Technological Social/Interpersonal Language barriers
Existential Communications Software incompatibility
Cultural Values and ethics Terminology differences
Accessibility Accuracy of data Hardware limitations
Time constraints Psychological Generational differences

Technique #3: Conflicting Interests

Often, managers are puzzled when a previously good employee runs into trouble. When investigated further, you find that she is still a good employee who is just trying to do her job. But doing her job interferes with another good employee’s ability to do his job. The problem is structural, putting good people in needless competition for necessary resources, or pitting them against rules, processes or budgets that restrict their ability to carry out their tasks. In other cases, employees may have been asked to do jobs that are contrary to the company’s culture or value system, or to co-workers’ personal value systems. In either situation, the constraints need to be recognized and removed, or the task itself made more acceptable to employees.

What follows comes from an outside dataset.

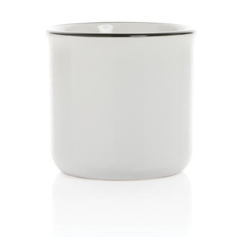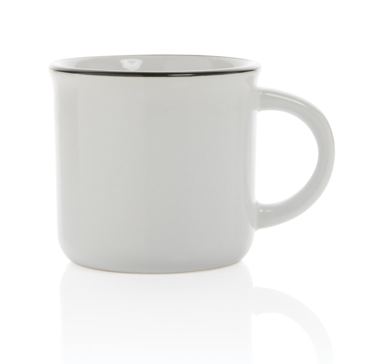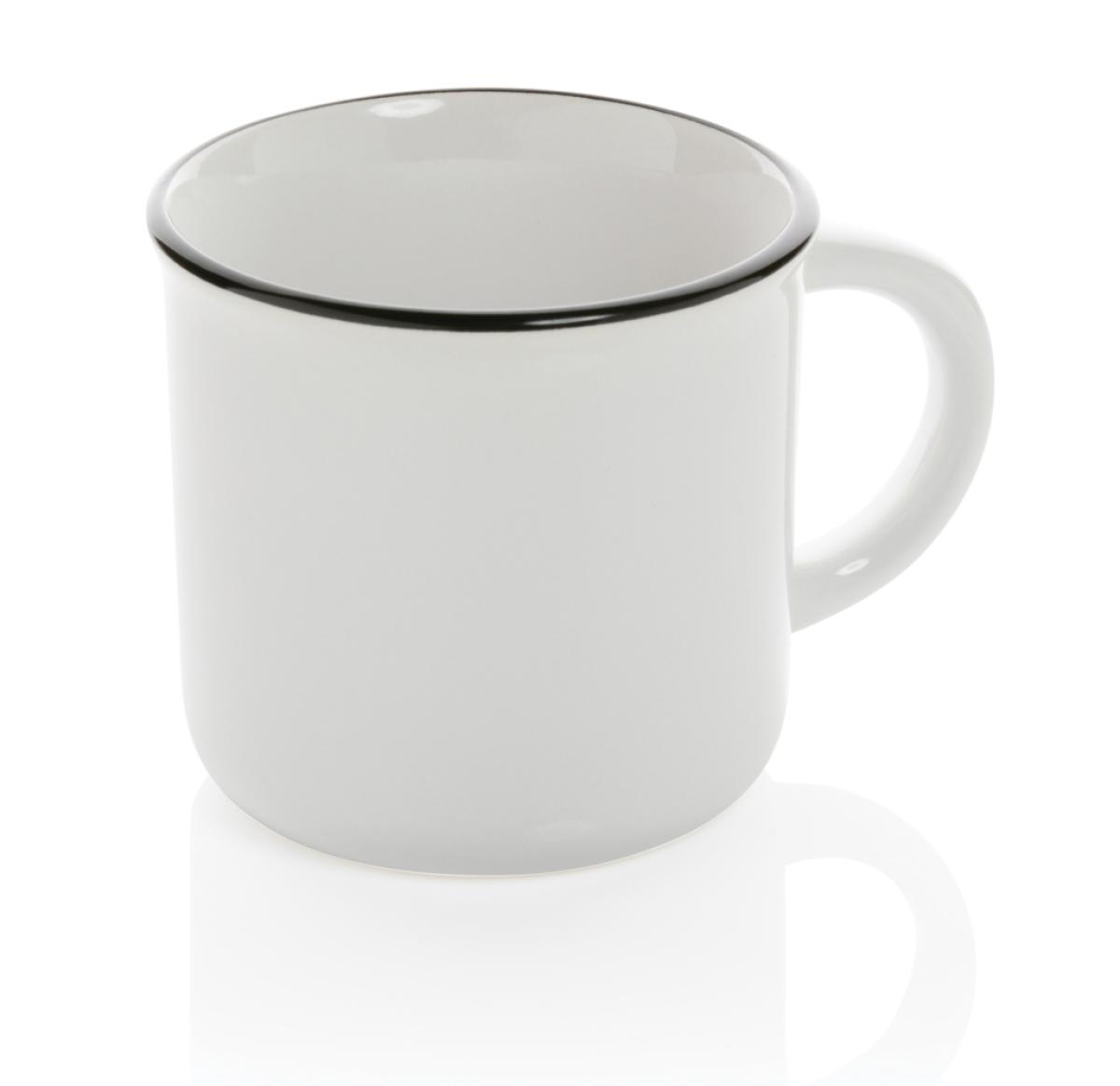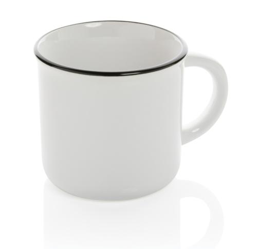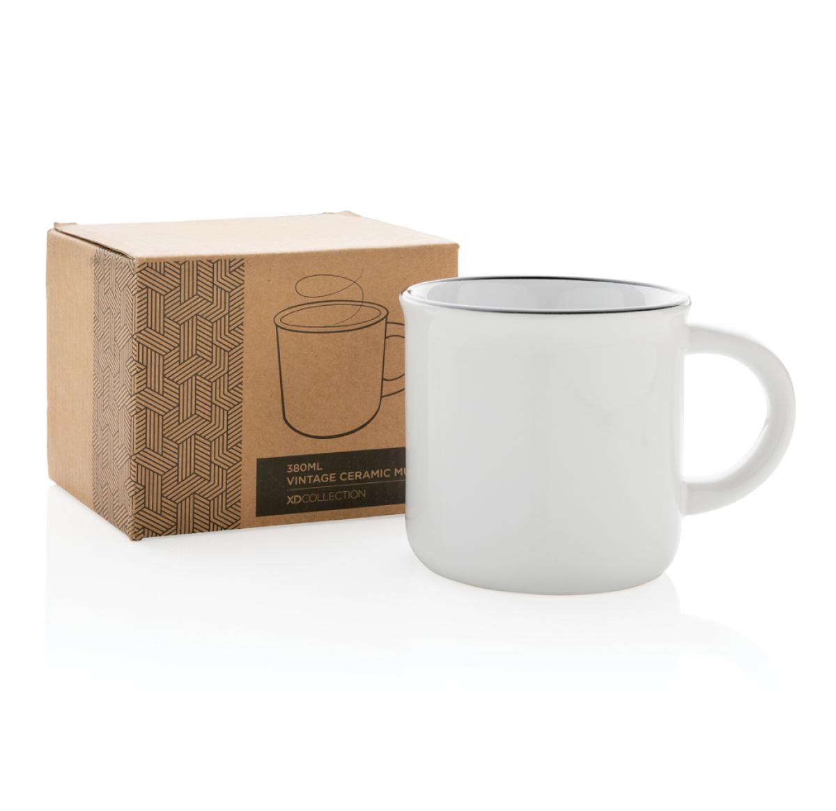 This mug is made from ceramic for durability and lasting use. The mug has a vintage look and features a curved handle for easy grip. Dishwasher safe in accordance with EN12875-1 (at least 125 washing cycles) for all decoration methods. Packed in gift box.

To use Technique #3, ask employees what one thing could be added to or subtracted from their situation that would help make their jobs easier. Use this technique with Technique #1.

Technique #4: Look for Micro-managing

When an otherwise capable employee isn’t doing his job, look at how that employee is managed for possible clues to solving his performance problems. An over-controlling manager can kill initiative and willingness in an employee. Almost no one likes to be micro-managed, and the resentment from being micro-managed can manifest itself in apathy or even sabotage. Micro-management can also create employee drones who follow directions but are unable to contribute actively to building your company.

If you or your managers are micro-managing, training is the best option to resolve the problem, along with a mandate that managers must develop their employees’ talents, or else.

Technique #5: Look for Unclear Expectations

The opposite of micromanaging is under-communicating goals and expectations. A project gone awry, or an employee making a false step may be the result of too little direction. Look at how your company sets the parameters for employees, departments, or project activities. Boundaries such as ethics, values, budgets, minimum performance standards, and acceptable behavior tell employees what their limits are, while clear-cut expectations and well-defined deliverables point them in the right direction. If everybody has a good understanding of the desired results, and their role in achieving them, then fewer problems will occur.

Technique # 6: Stop Tolerating Bad Behavior

Ask yourself how your staff can possibly have enough time available for complaining, backbiting, and conducting a campaign against another person or department. Look closely at staffing levels and workloads. Pile on the projects. Get rid of the chronic complainers (your staff will thank you). Set a good example, and then move on.